How do you factor the expression (2x-3)^3 (x+1) +(x-3) (2x-3)^2?

Jan 12, 2016

Combine, simplify and use the difference of squares identity to find:

${\left(2 x - 3\right)}^{3} \left(x + 1\right) + \left(x - 3\right) {\left(2 x - 3\right)}^{2}$

$= 2 {\left(2 x - 3\right)}^{2} \left(x - \sqrt{3}\right) \left(x + \sqrt{3}\right)$

Explanation:

The difference of squares identity can be written:

${a}^{2} - {b}^{2} = \left(a - b\right) \left(a + b\right)$

We use this with $a = x$ and $b = \sqrt{3}$ below...

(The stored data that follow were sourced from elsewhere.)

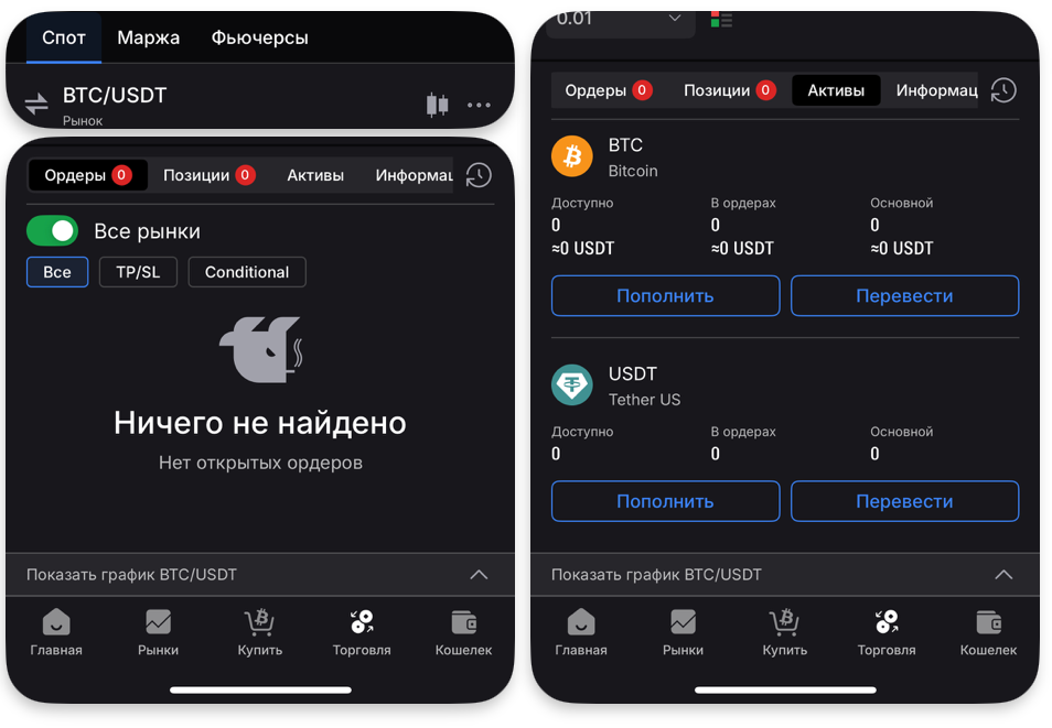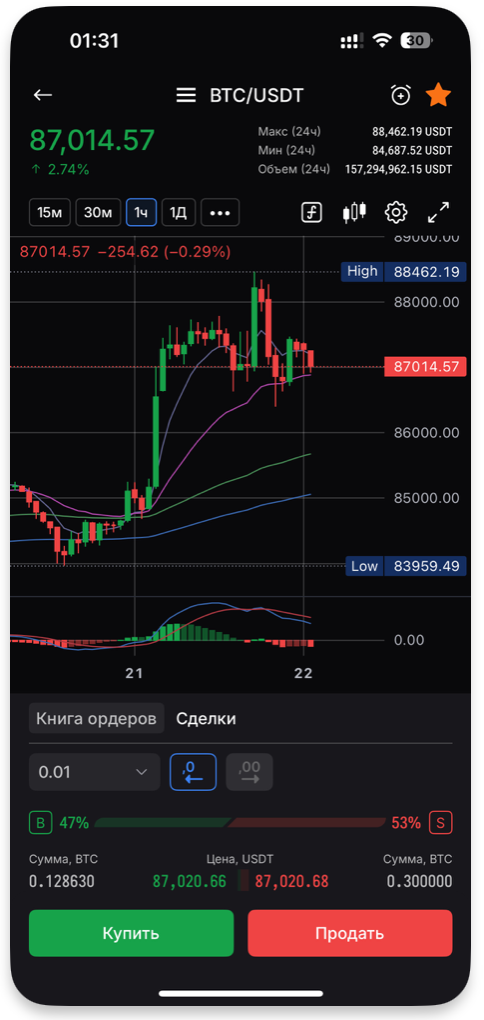 Торговий термінал — це універсальний інструмент для аналізу ринку і здійснення угод. Він об'єднує в собі графік з розширеними налаштуваннями, біржовий стакан, історію торгів і зручну систему розміщення ордерів.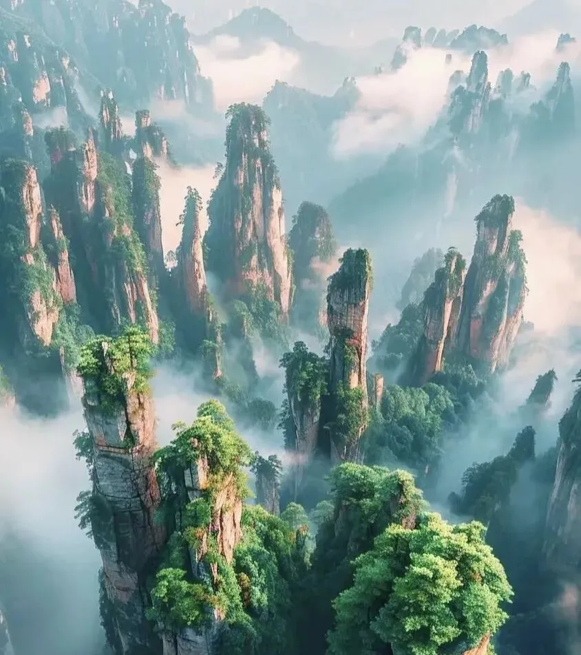 三千奇峰拔地起,八百秀水绕山流,以奇峰异石、云雾缭绕的峰林景观闻名,是《阿凡达》哈利路亚山的原型地,自然风光壮美。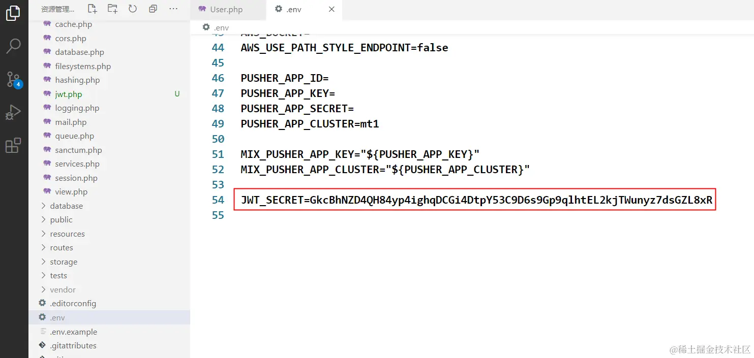 此时会在 .env 文件中看到刚才生成的配置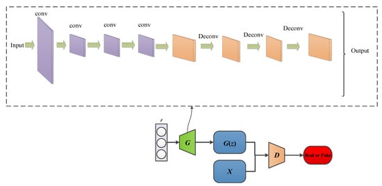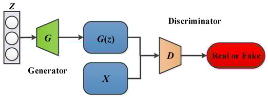 The main structure of GAN includes a generator and a discriminator [,]. The generator is used to generate real samples, and the discriminator is used to determine real samples and fake samples. The generator inputs a random noise vector (usually uniform or normal distribution) and maps it to a new multi-dimensional data space to achieve a generated fake sample . The discriminator is used to perform classification and to calculate the probability that the testing sample is a real sample. In the training, the generator tries to learn the data distribution of the real sample to generate a fake sample, and the discriminator tries to distinguish the generated fake sample from the real sample. The objective function of the generative adversarial network is as follows: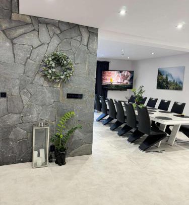 LEŚNE ZACISZE Wisła - Jacuzzi, Bacówka, Niesamowite Widoki is a recently renovated vacation home in Wisła where guests can make the most of the garden and barbecue facilities. This property offers access to a balcony, free private parking, and free Wifi. The vacation home has an outdoor fireplace and a hot tub. Featuring a terrace and mountain views, the spacious vacation home includes 4 bedrooms, a living room, flat-screen TV, an equipped kitchen, and 2 bathrooms with a shower. A private entrance leads guests into the vacation home, where they can enjoy some wine or champagne and chocolates or cookies. This vacation home is allergy-free and non-smoking. For guests with children, the vacation home features outdoor play equipment. Skiing, cycling, and fishing are possible within the area, and LEŚNE ZACISZE Wisła - Jacuzzi, Bacówka, Niesamowite Widoki offers ski storage space. Museum of Skiing is 3.9 miles from the accommodation, while Zagron Istebna Ski Resort is 5.8 miles from the property.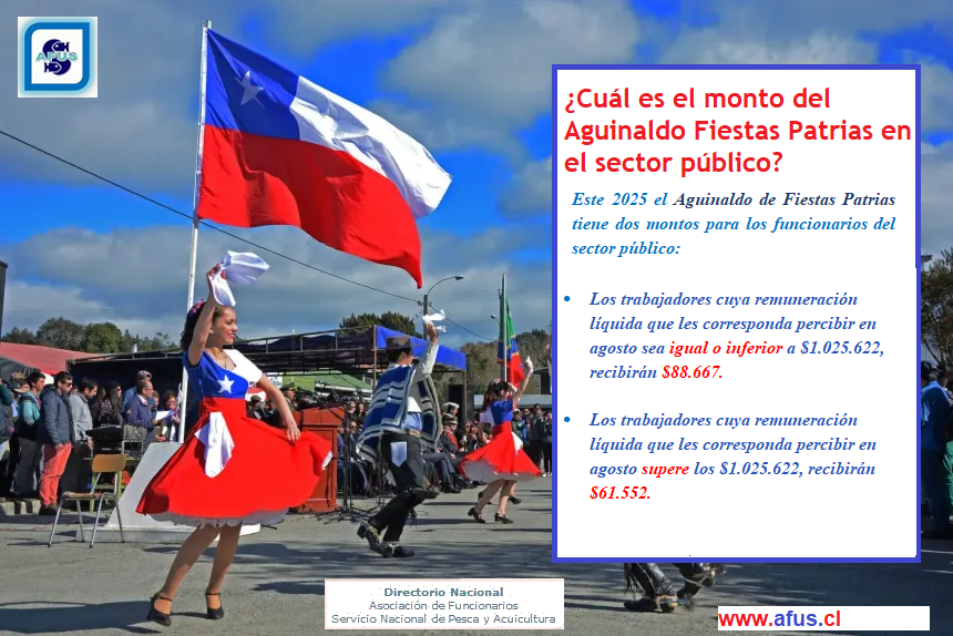 Este 2025 el Aguinaldo de Fiestas Patrias tiene dos montos para los funcionarios del sector público:Ø   Los trabajadores cuya remuneración líquida que les corresponda percibir en agosto sea igual o inferior a $1.025.622, recibirán  $88.667.   Ø   Los trabajadores cuya remuneración líquida que les corresponde percibir en agosto supere los $1.025.622, recibirán $61.552.
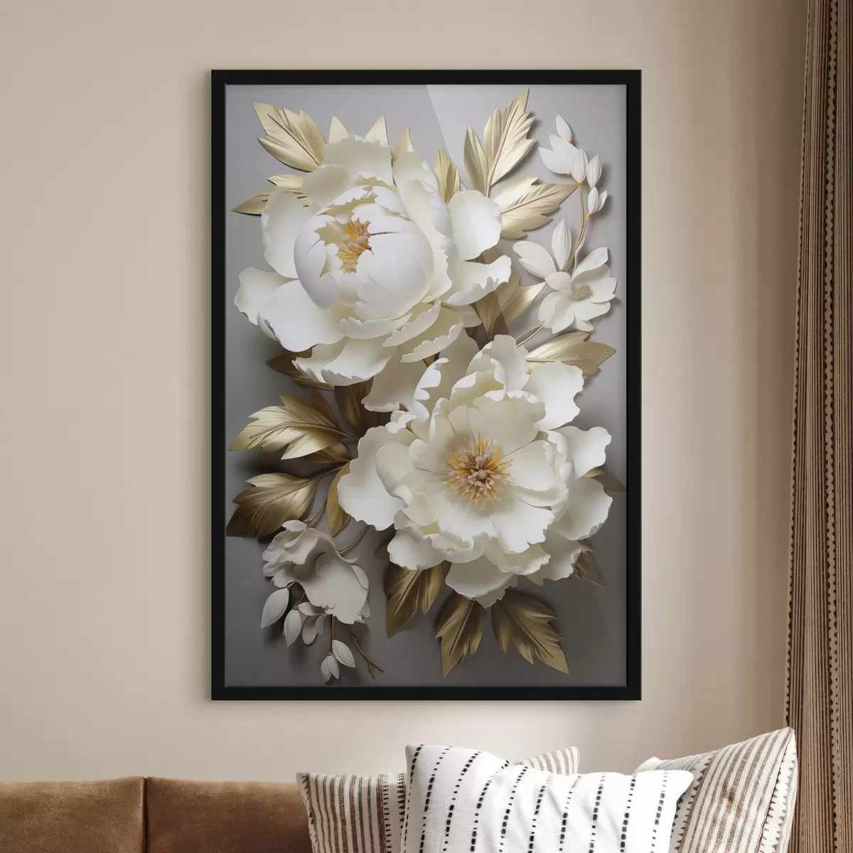 Poster Bujori albi mari cu frunze galbene pe un fundal gri f48753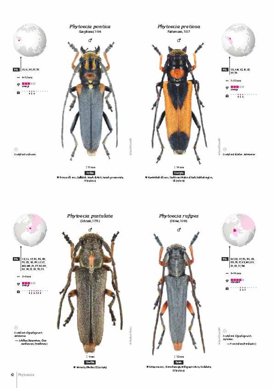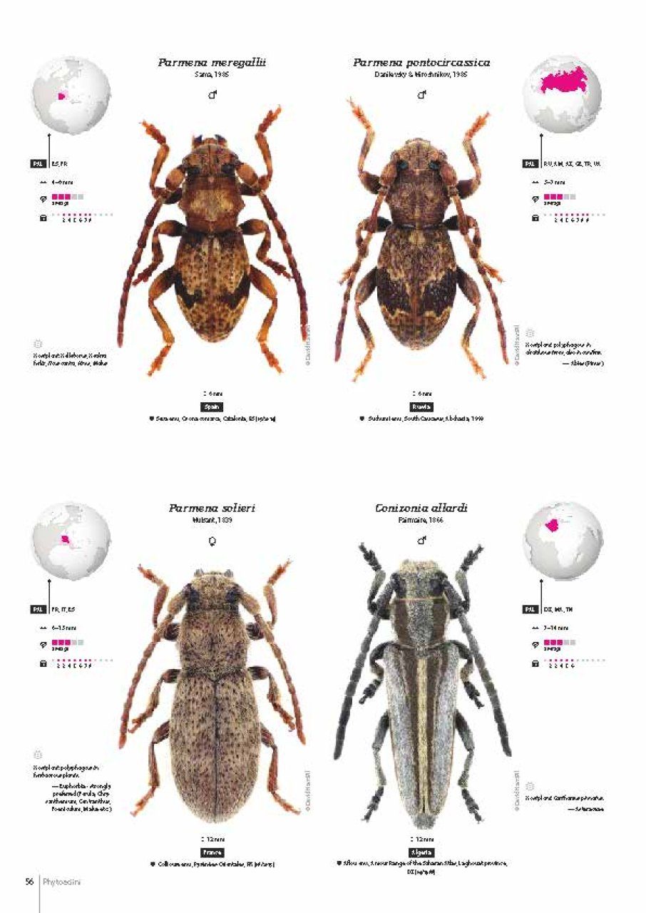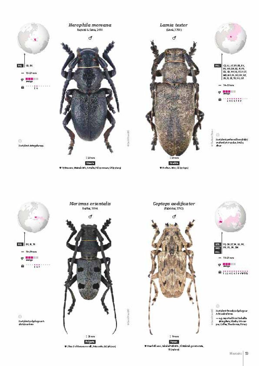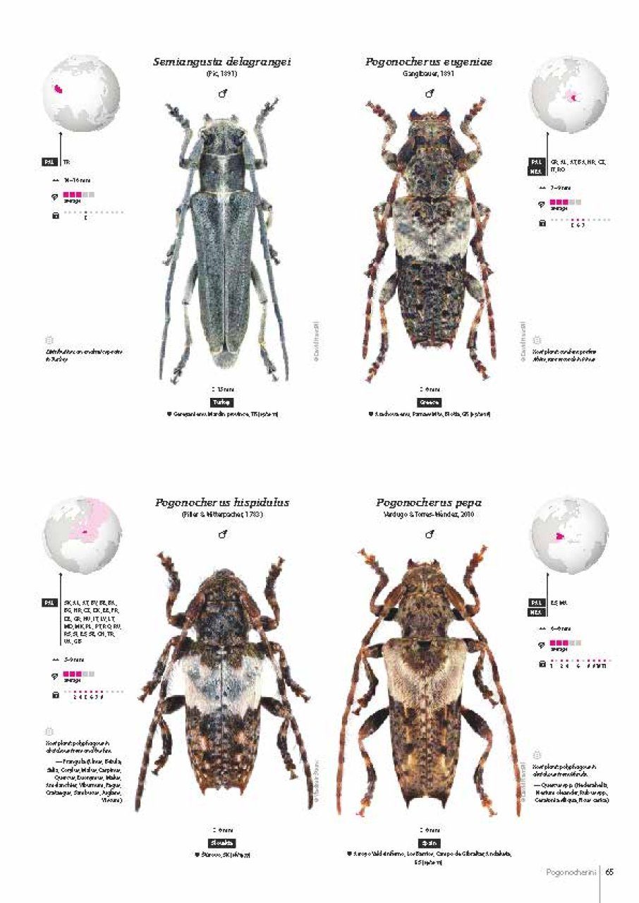 Cerambycidae of the Palearctic: Illustrated Geographical Guide presents a comprehensive encyclopedia of the beetle family Cerambycidae from this region. The aim of this pictorial guide is to introduce these fascinating representatives, commonly known as Longhorn Beetles, to all nature enthusiasts. The book stands out thanks to its detailed identification views and the wide range of genera it features. Specifically, it depicts 300 species from 184 genera. Included in the main illustrated section, which shows mounted specimens, are bionomic details, collection locations, and a map indicating the distribution and exact collection site of each individual specimen.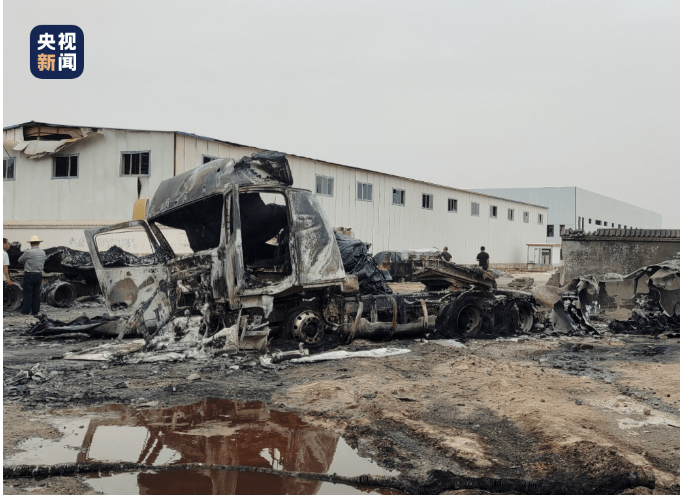總臺記者已到達事故現(xiàn)場,事故發(fā)生于青海省格爾木市G109國道與東海路交叉口向北約200米處。現(xiàn)場火勢已經撲滅,空氣中彌漫著刺鼻的味道,可以看到三輛殘缺不全的罐車殘骸,一旁瑞城工業(yè)園的側門也在爆炸中被炸毀。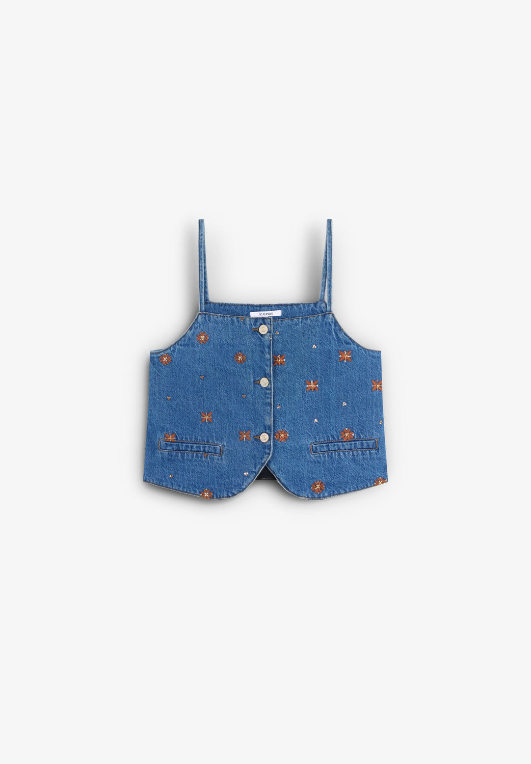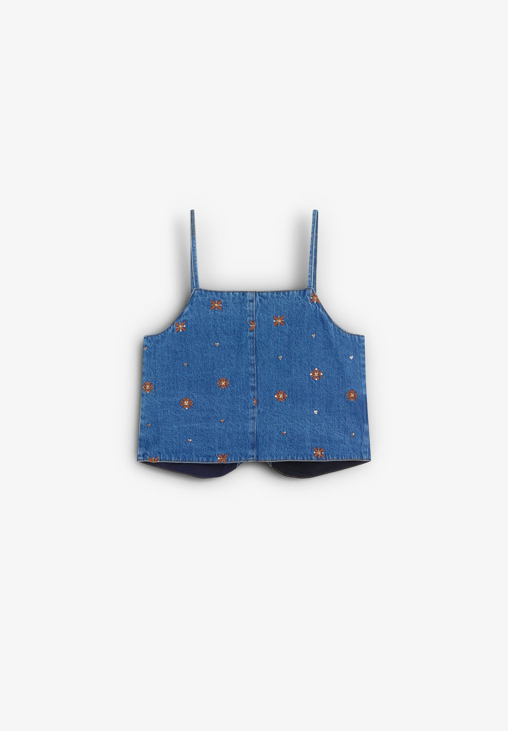 Trägertop aus Baumwolle. Blumenmotiv-Stickereien. Knopfverschluss vorne. Vordere Taschen.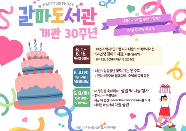 도서관은 6월 1일부터 15일까지 ▲30년간 사랑받은 최다 대출 도서 전시 ▲94년생 갈마도서관, 퀴즈풀기 자료실 이벤트를 운영하고, 6월 4일 대전시립합창단과 함께하는 찾아가는 연주회를 시작으로 6월 8일 지역주민의 문화 향유를 위한 ▲흥이 나는 우쿨렐레 ▲소프라노&테너의 아름다운 노래 ▲지혜준 마술사 공연과 ▲생일 축하 떡 나눔 이벤트 등으로 30주년을 기념할 예정이다.

${\left(2 x - 3\right)}^{3} \left(x + 1\right) + \left(x - 3\right) {\left(2 x - 3\right)}^{2}$

$= {\left(2 x - 3\right)}^{2} \left(\left(2 x - 3\right) \left(x + 1\right) + \left(x - 3\right)\right)$

$= {\left(2 x - 3\right)}^{2} \left(\left(2 {x}^{2} - x - 3\right) + \left(x - 3\right)\right)$

$= {\left(2 x - 3\right)}^{2} \left(2 {x}^{2} - 6\right)$

$= 2 {\left(2 x - 3\right)}^{2} \left({x}^{2} - 3\right)$

$= 2 {\left(2 x - 3\right)}^{2} \left({x}^{2} - {\left(\sqrt{3}\right)}^{2}\right)$

$= 2 {\left(2 x - 3\right)}^{2} \left(x - \sqrt{3}\right) \left(x + \sqrt{3}\right)$